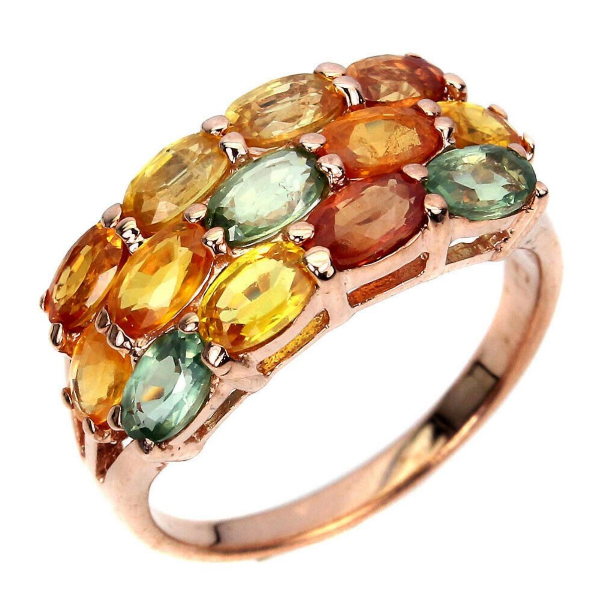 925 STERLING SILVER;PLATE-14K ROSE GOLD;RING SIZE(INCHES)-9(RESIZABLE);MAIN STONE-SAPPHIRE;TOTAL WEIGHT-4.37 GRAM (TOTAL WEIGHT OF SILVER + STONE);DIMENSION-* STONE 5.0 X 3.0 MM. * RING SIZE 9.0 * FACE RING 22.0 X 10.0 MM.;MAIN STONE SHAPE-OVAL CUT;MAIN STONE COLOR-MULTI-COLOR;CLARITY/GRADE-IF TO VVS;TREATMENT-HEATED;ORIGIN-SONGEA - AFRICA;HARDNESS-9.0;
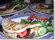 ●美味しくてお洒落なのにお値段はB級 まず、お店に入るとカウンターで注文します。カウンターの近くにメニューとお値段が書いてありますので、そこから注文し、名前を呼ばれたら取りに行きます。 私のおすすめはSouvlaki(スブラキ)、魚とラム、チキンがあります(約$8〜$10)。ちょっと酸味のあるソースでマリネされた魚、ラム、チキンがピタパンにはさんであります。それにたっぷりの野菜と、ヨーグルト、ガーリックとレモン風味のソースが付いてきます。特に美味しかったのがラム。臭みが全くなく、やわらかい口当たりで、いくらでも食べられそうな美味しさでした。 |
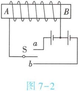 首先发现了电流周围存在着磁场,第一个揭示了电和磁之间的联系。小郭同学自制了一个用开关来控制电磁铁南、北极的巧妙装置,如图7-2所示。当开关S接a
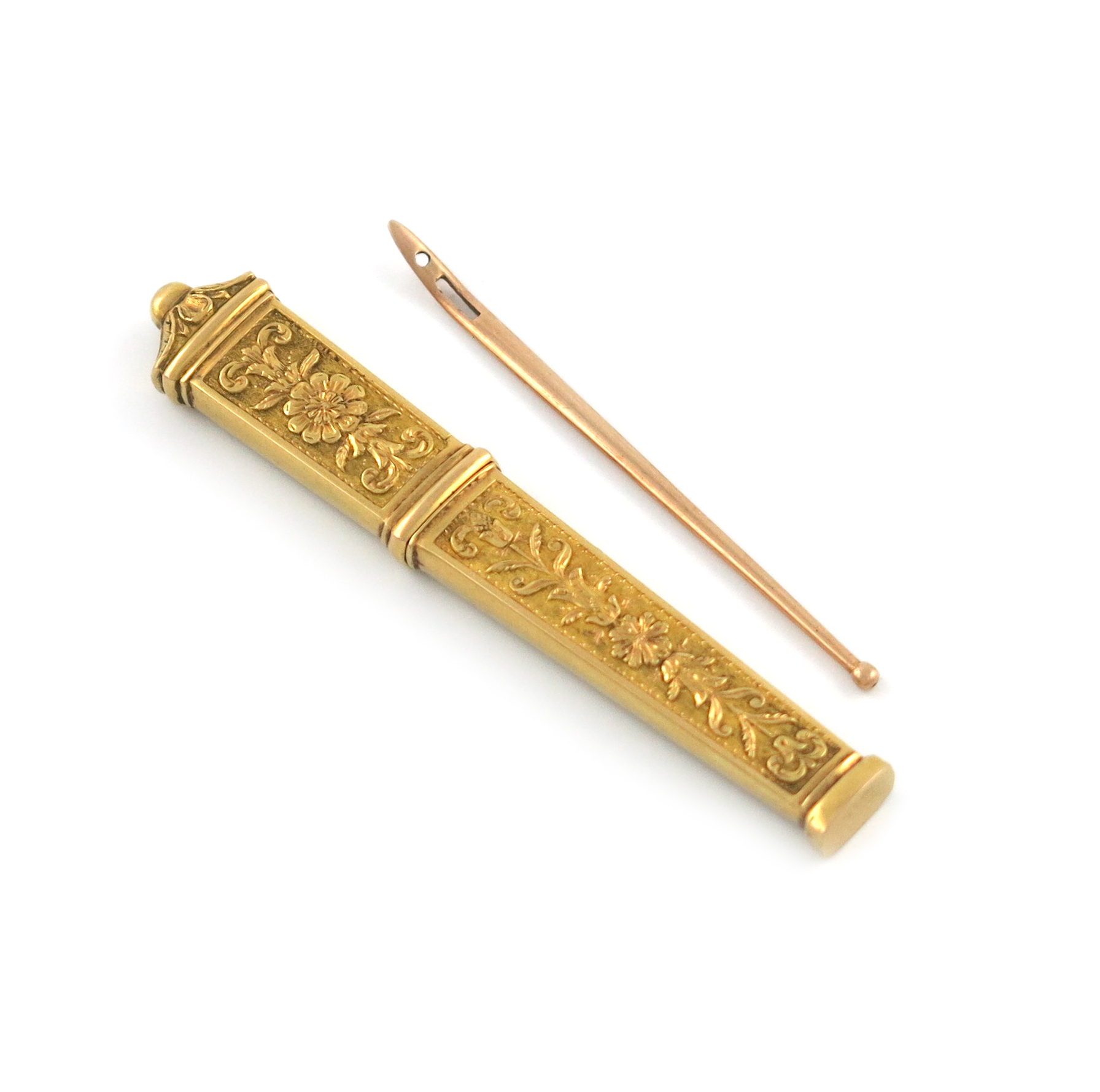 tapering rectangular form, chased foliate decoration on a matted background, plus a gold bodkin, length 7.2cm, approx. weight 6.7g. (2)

• [What is required]:
Reproduce the lines of the data that run from the one containing "首先发现了电流周围存在着磁场" to the final line, both included, exactly as they appear and without the pictures.

• [Task answer]:
 首先发现了电流周围存在着磁场,第一个揭示了电和磁之间的联系。小郭同学自制了一个用开关来控制电磁铁南、北极的巧妙装置,如图7-2所示。当开关S接a
 tapering rectangular form, chased foliate decoration on a matted background, plus a gold bodkin, length 7.2cm, approx. weight 6.7g. (2)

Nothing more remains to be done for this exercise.